- [EXERCISE GOAL] Please write out only the lines from the one containing "Deze filter zorgen" through the last line of the listing. Do not include pictures.

- [INPUT DATA]
[Start of section]

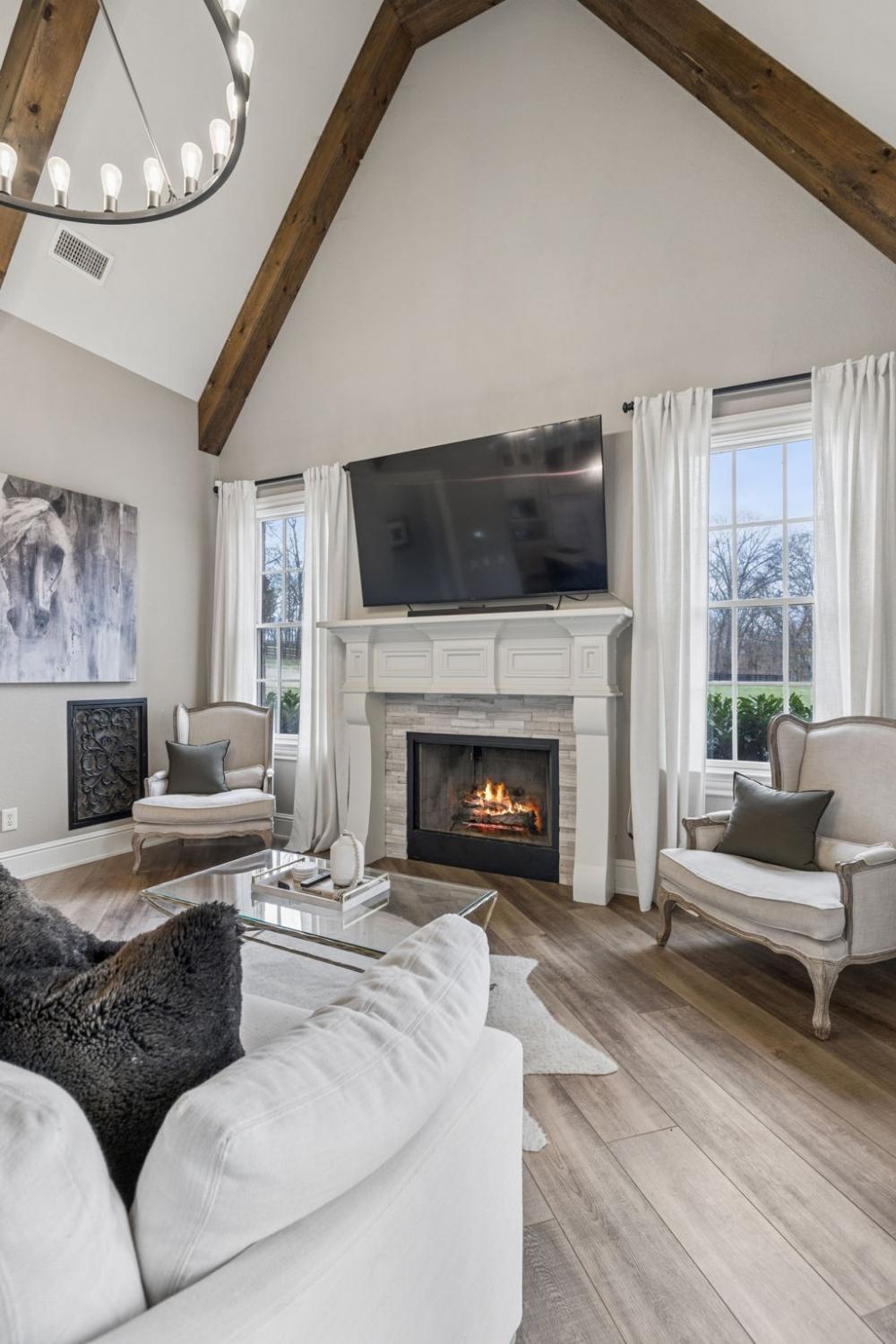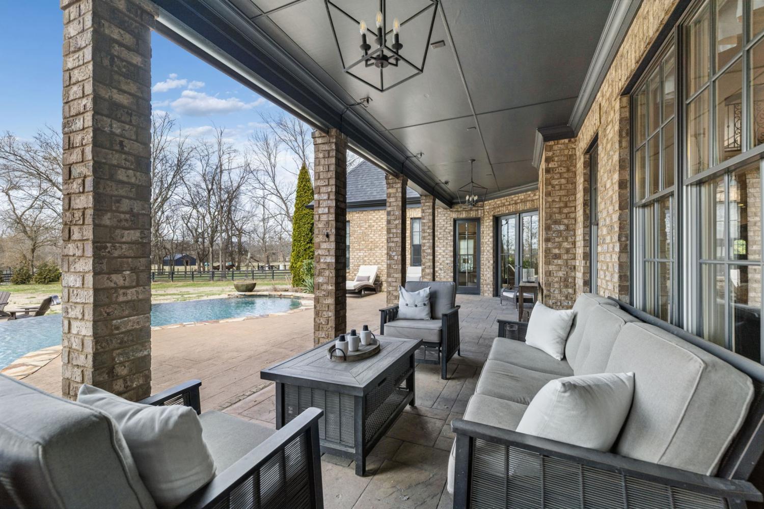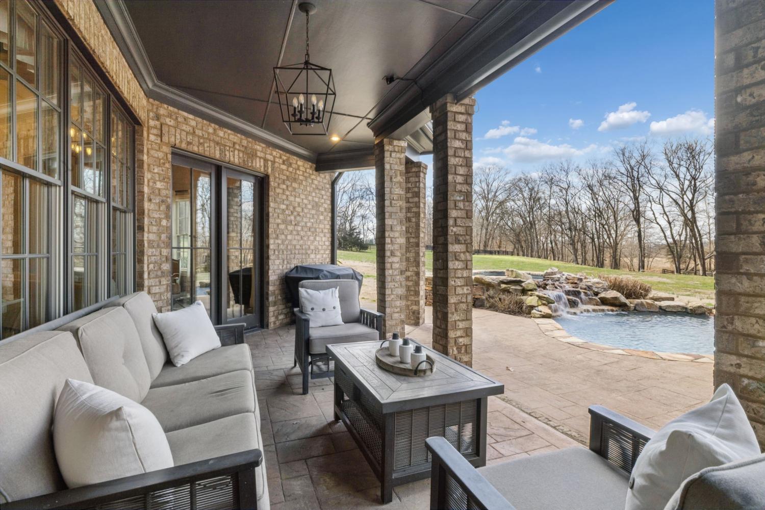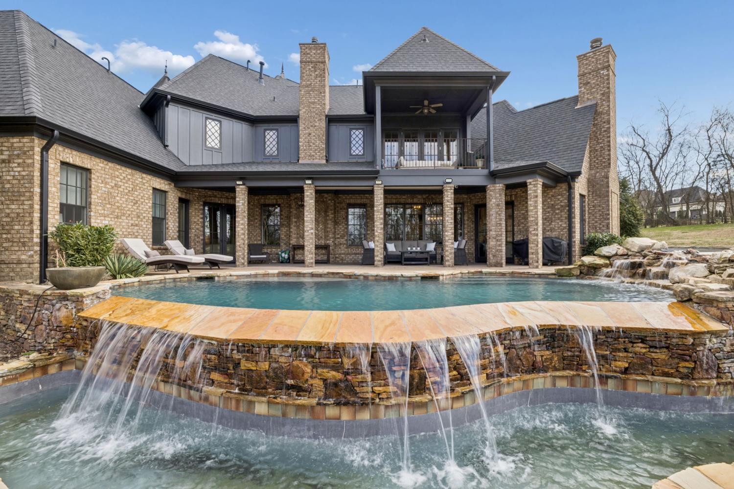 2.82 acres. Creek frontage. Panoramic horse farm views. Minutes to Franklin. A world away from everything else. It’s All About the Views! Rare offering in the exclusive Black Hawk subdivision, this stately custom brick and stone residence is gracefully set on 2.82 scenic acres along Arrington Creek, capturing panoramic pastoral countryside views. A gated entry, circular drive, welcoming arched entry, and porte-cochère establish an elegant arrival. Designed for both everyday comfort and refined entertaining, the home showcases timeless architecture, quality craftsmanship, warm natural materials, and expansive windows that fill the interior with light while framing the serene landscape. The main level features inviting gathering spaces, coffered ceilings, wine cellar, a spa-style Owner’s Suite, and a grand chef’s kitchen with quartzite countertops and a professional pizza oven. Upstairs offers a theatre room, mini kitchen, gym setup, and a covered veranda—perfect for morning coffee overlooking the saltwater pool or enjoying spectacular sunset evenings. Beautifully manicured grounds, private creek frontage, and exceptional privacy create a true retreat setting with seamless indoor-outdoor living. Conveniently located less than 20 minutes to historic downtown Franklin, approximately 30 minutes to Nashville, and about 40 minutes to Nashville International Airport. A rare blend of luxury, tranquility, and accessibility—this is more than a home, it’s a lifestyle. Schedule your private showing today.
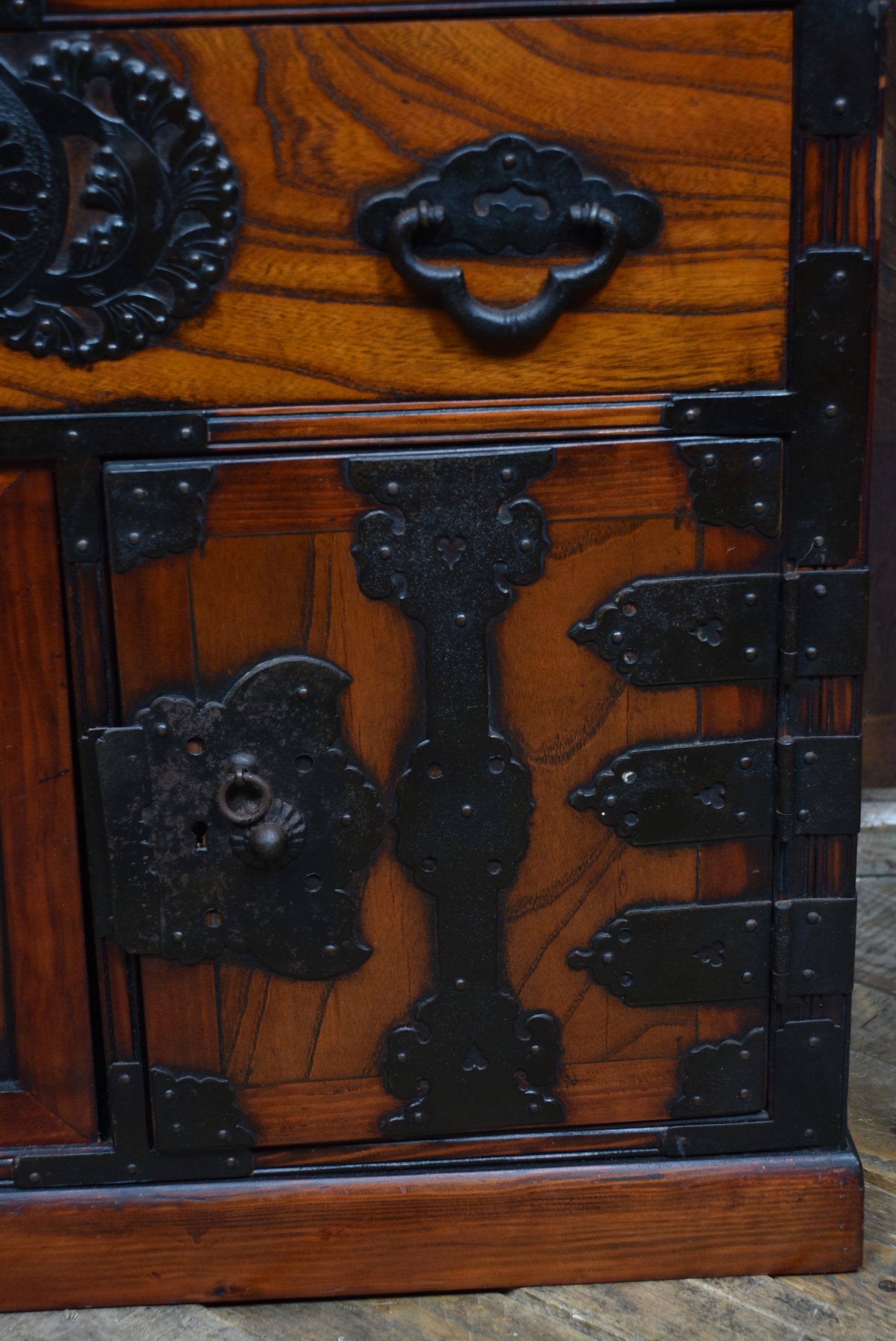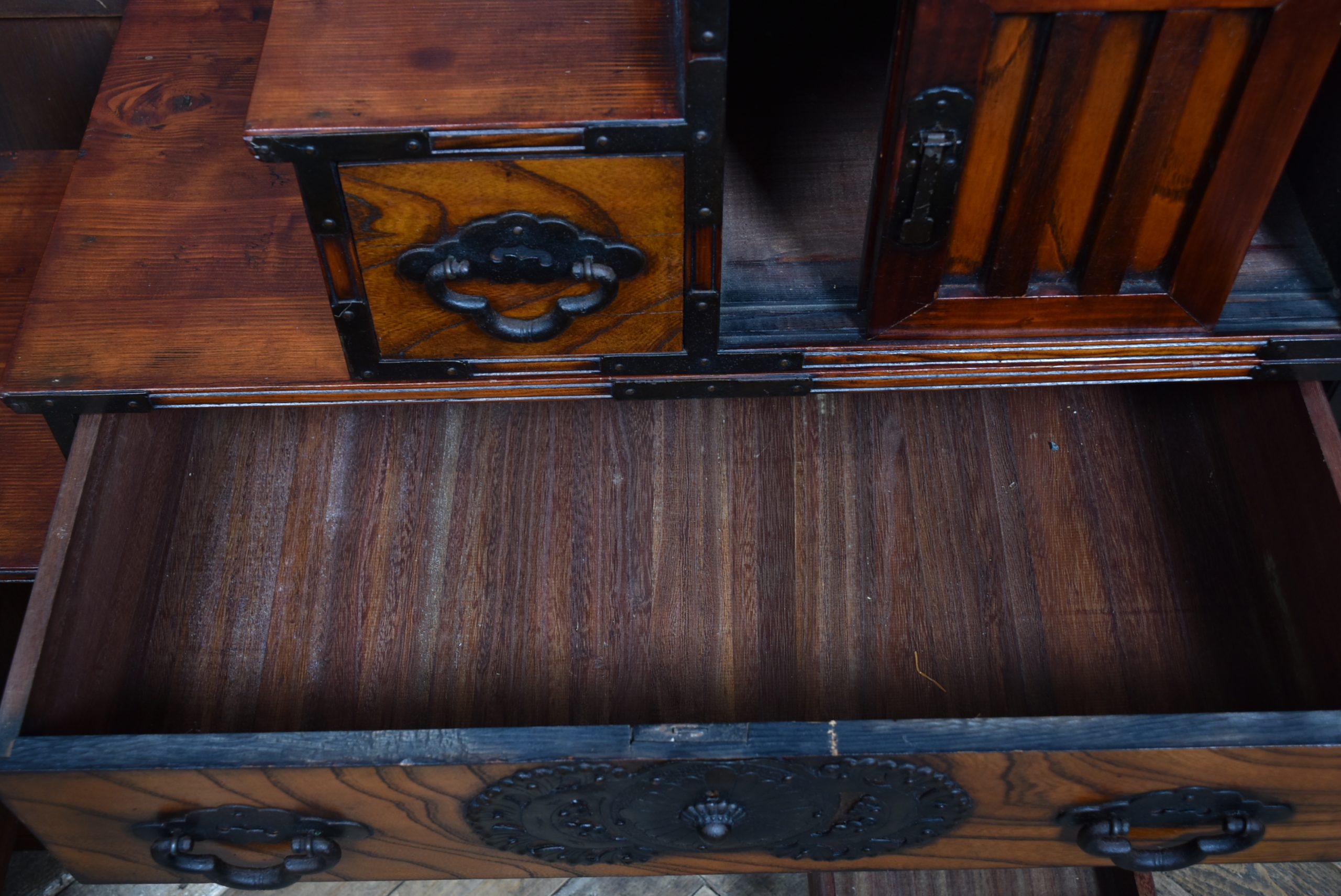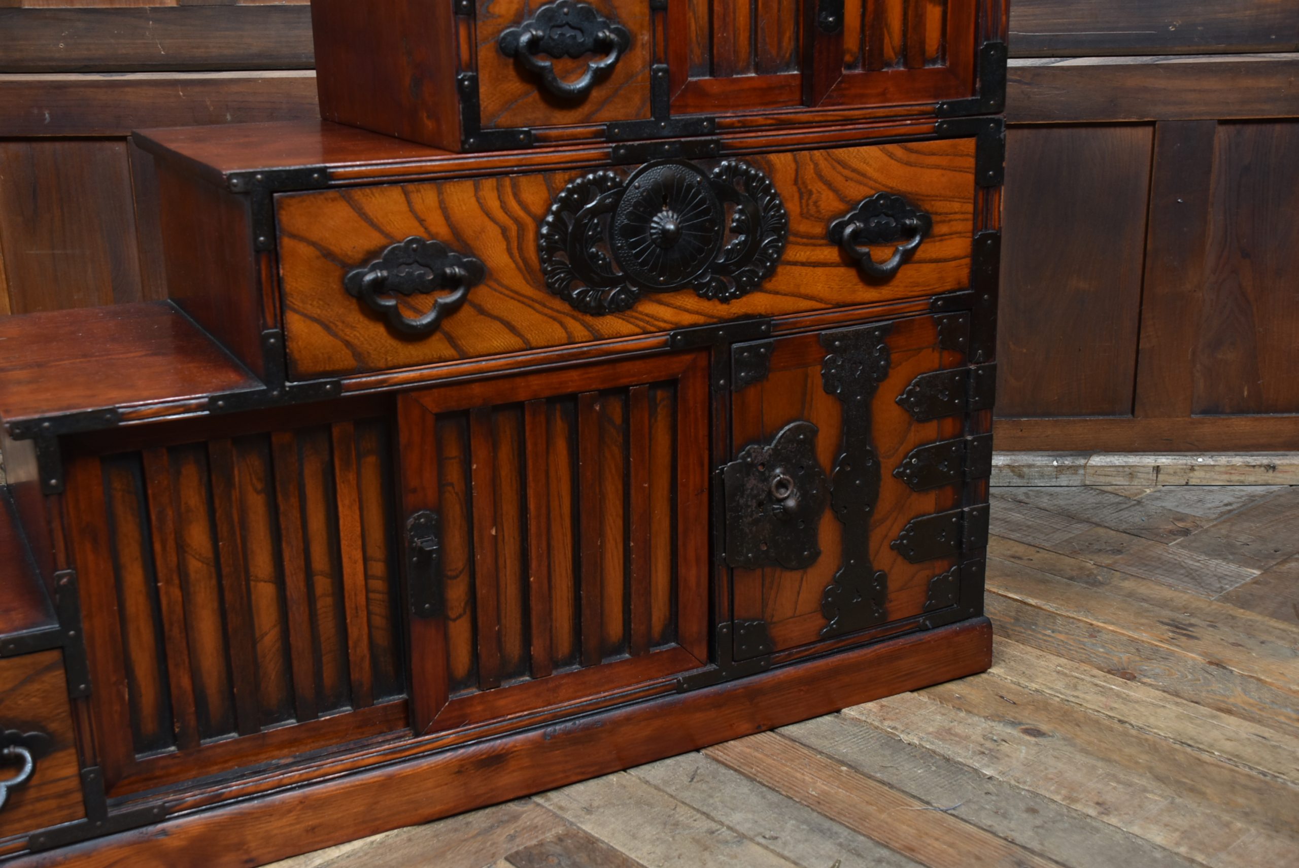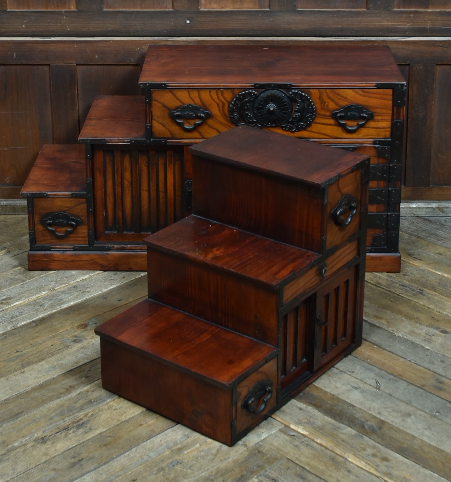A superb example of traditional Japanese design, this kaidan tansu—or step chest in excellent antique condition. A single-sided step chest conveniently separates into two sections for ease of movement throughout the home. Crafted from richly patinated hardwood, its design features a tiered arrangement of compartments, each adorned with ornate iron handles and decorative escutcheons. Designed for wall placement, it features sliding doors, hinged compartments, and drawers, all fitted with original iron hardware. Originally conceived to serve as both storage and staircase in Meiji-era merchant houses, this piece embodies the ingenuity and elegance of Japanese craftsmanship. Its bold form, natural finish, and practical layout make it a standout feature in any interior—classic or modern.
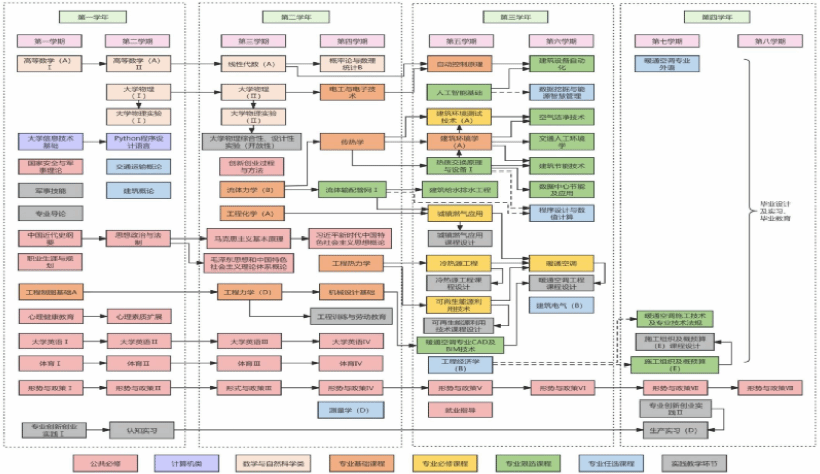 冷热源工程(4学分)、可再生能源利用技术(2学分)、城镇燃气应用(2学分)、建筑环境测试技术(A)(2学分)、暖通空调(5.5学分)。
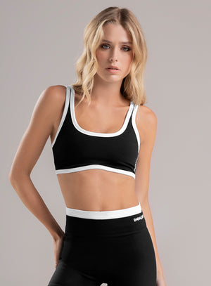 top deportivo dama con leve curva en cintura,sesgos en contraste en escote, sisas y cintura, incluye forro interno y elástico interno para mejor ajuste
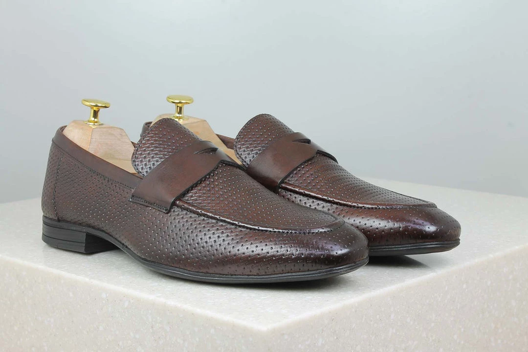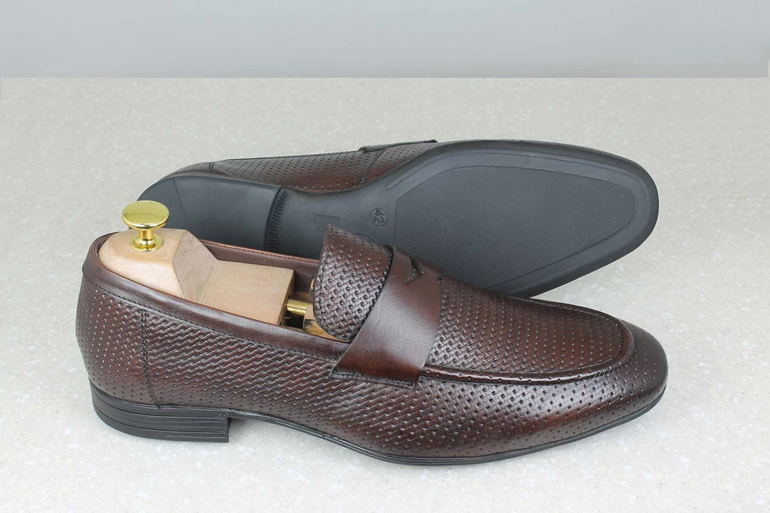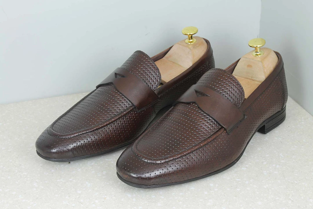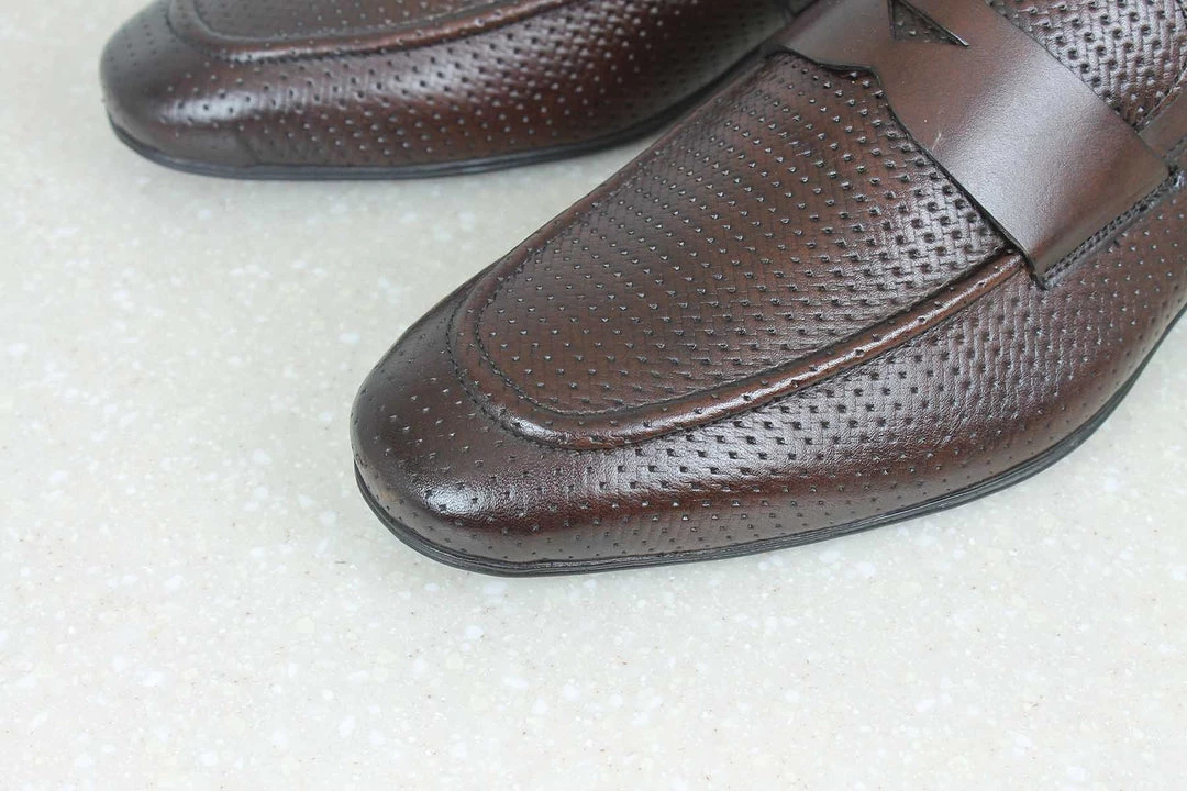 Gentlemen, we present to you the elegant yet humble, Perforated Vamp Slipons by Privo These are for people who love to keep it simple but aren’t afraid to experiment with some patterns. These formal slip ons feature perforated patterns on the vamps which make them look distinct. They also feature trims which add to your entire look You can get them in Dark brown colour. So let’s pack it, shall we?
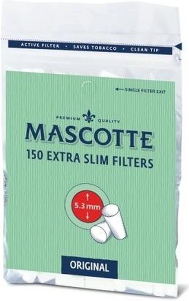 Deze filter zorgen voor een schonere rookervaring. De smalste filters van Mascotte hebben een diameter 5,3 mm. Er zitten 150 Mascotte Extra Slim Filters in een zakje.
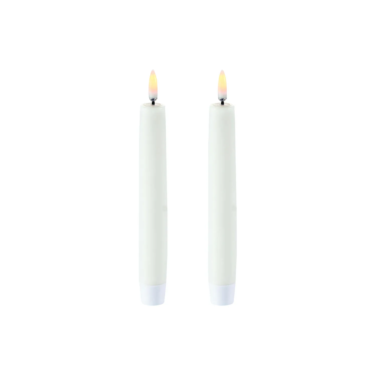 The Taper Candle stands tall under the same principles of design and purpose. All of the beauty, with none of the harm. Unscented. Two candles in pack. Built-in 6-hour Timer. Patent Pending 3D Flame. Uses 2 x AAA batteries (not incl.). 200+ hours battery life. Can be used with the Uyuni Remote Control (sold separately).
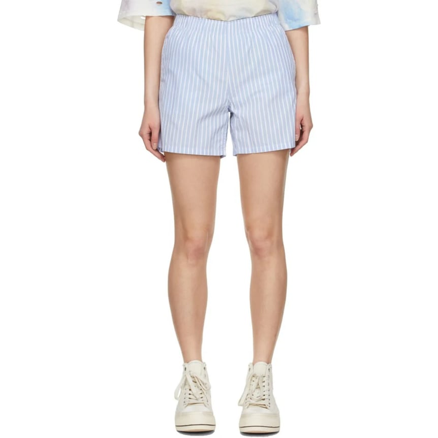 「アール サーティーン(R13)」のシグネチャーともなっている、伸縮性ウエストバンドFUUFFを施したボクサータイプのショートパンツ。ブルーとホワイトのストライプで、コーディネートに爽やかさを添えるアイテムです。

[End of section]

- [ANSWER FOR THIS EXERCISE]
 Deze filter zorgen voor een schonere rookervaring. De smalste filters van Mascotte hebben een diameter 5,3 mm. Er zitten 150 Mascotte Extra Slim Filters in een zakje.
 The Taper Candle stands tall under the same principles of design and purpose. All of the beauty, with none of the harm. Unscented. Two candles in pack. Built-in 6-hour Timer. Patent Pending 3D Flame. Uses 2 x AAA batteries (not incl.). 200+ hours battery life. Can be used with the Uyuni Remote Control (sold separately).
 「アール サーティーン(R13)」のシグネチャーともなっている、伸縮性ウエストバンドFUUFFを施したボクサータイプのショートパンツ。ブルーとホワイトのストライプで、コーディネートに爽やかさを添えるアイテムです。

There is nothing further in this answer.